ASSIGNED TASK: Without the pictures, set down everything in the listing exactly.

EXERCISE DATA:
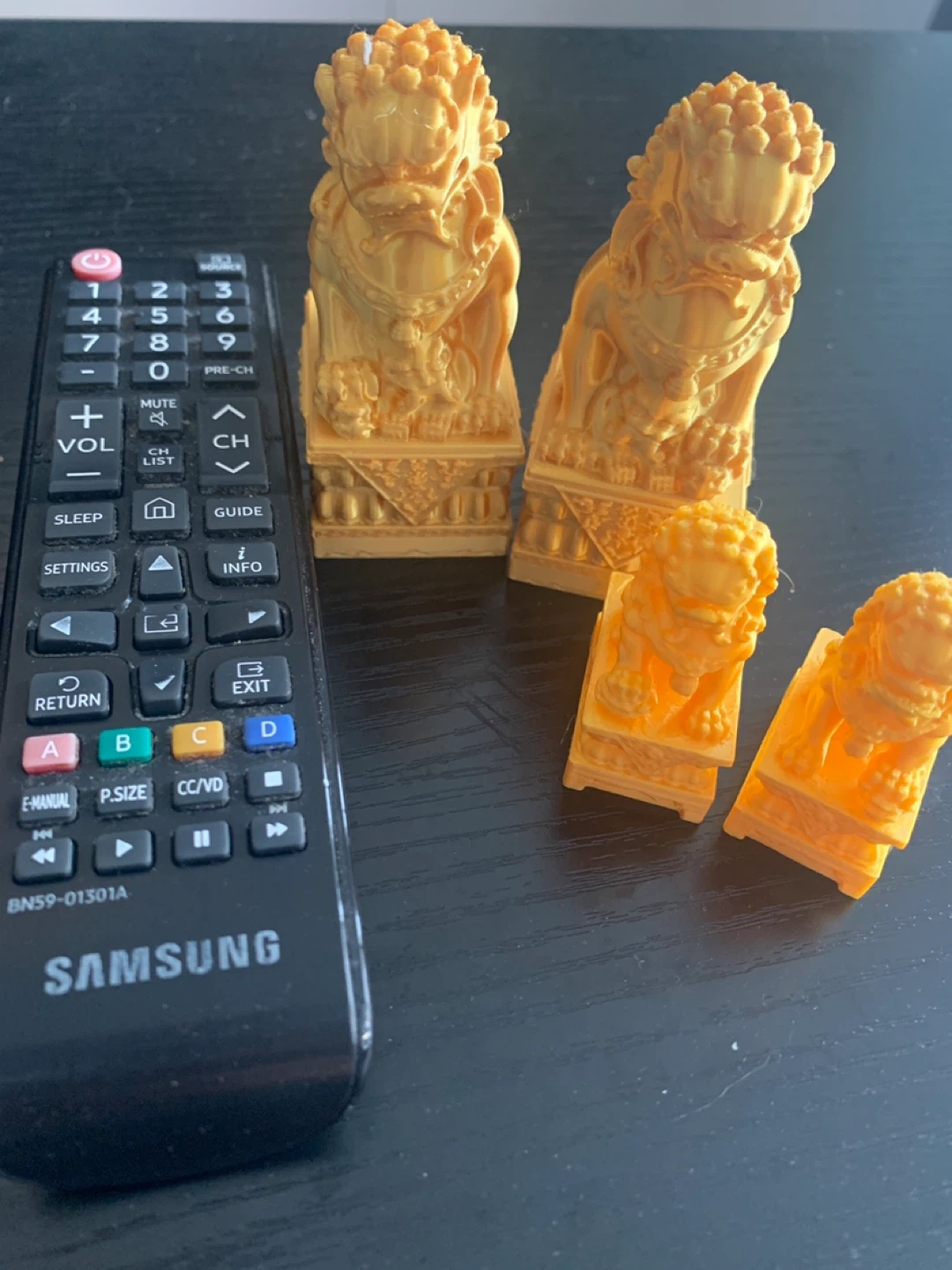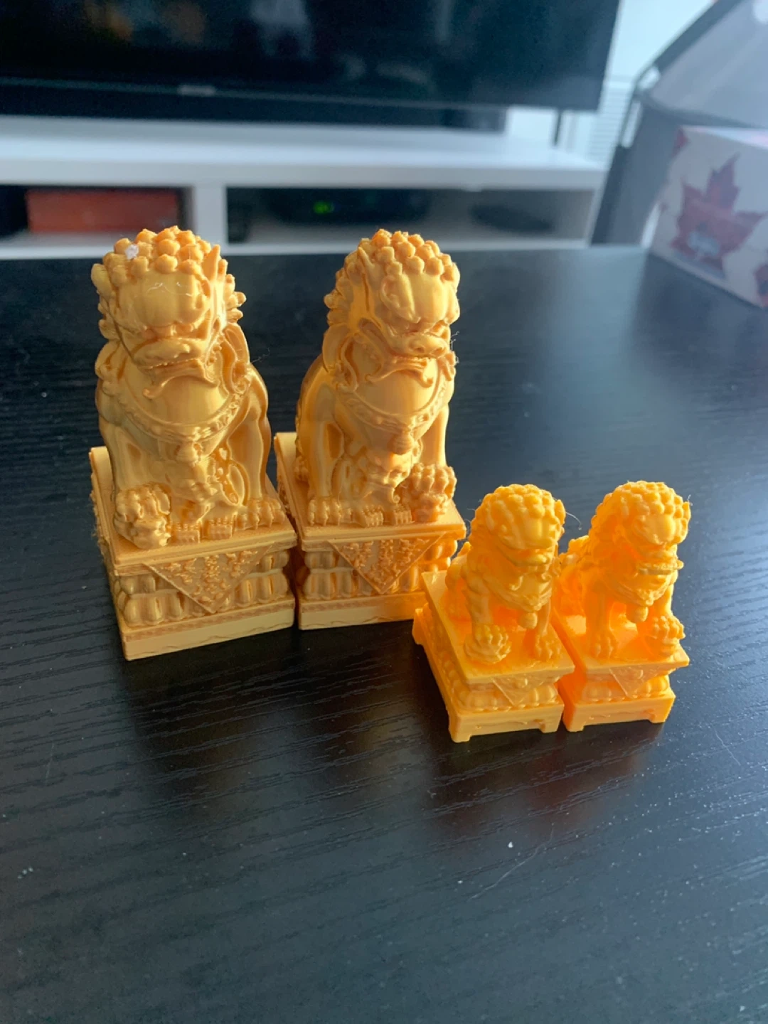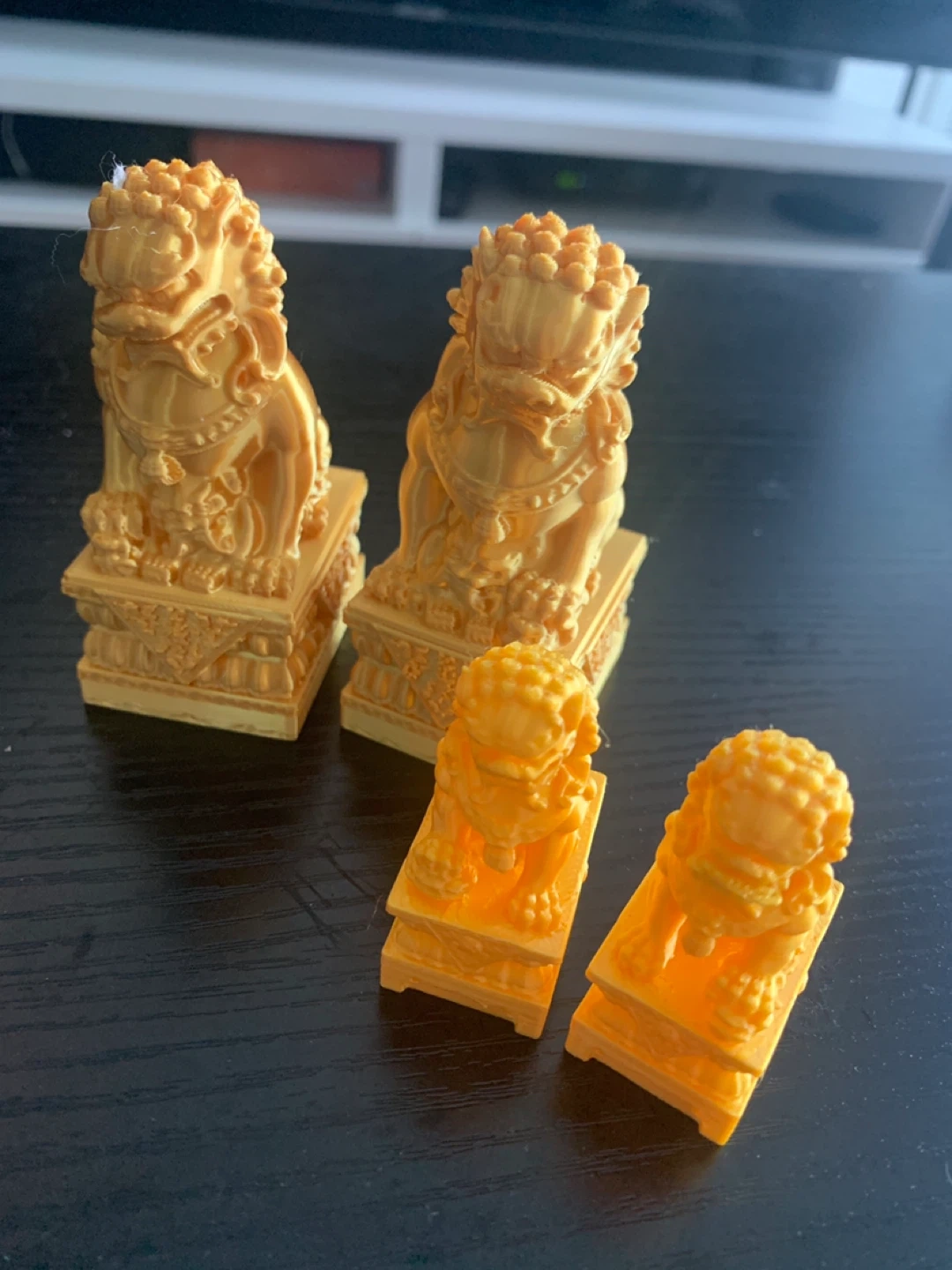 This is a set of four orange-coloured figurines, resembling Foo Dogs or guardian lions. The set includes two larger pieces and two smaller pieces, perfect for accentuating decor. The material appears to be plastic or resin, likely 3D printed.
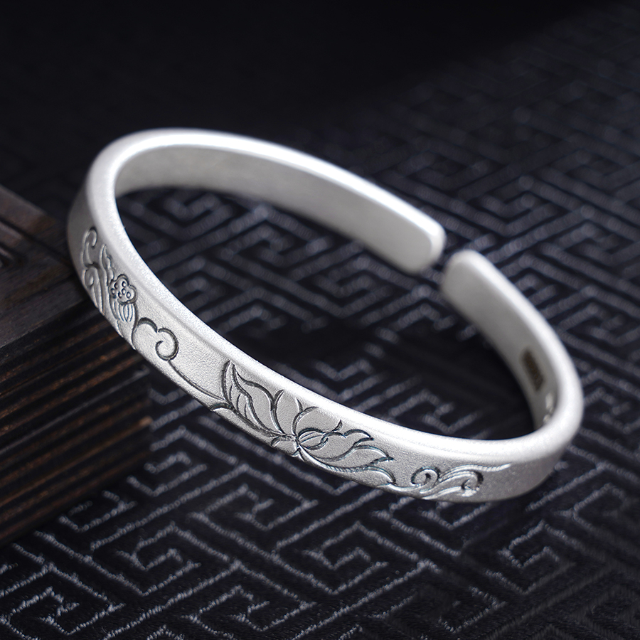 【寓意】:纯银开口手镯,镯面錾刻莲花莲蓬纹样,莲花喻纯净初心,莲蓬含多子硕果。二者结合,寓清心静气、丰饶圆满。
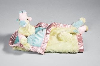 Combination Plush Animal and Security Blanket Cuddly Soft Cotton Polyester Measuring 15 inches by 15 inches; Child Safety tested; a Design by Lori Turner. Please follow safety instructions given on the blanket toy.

RESULT FOR THIS TASK:
 This is a set of four orange-coloured figurines, resembling Foo Dogs or guardian lions. The set includes two larger pieces and two smaller pieces, perfect for accentuating decor. The material appears to be plastic or resin, likely 3D printed.
 【寓意】:纯银开口手镯,镯面錾刻莲花莲蓬纹样,莲花喻纯净初心,莲蓬含多子硕果。二者结合,寓清心静气、丰饶圆满。
 Combination Plush Animal and Security Blanket Cuddly Soft Cotton Polyester Measuring 15 inches by 15 inches; Child Safety tested; a Design by Lori Turner. Please follow safety instructions given on the blanket toy.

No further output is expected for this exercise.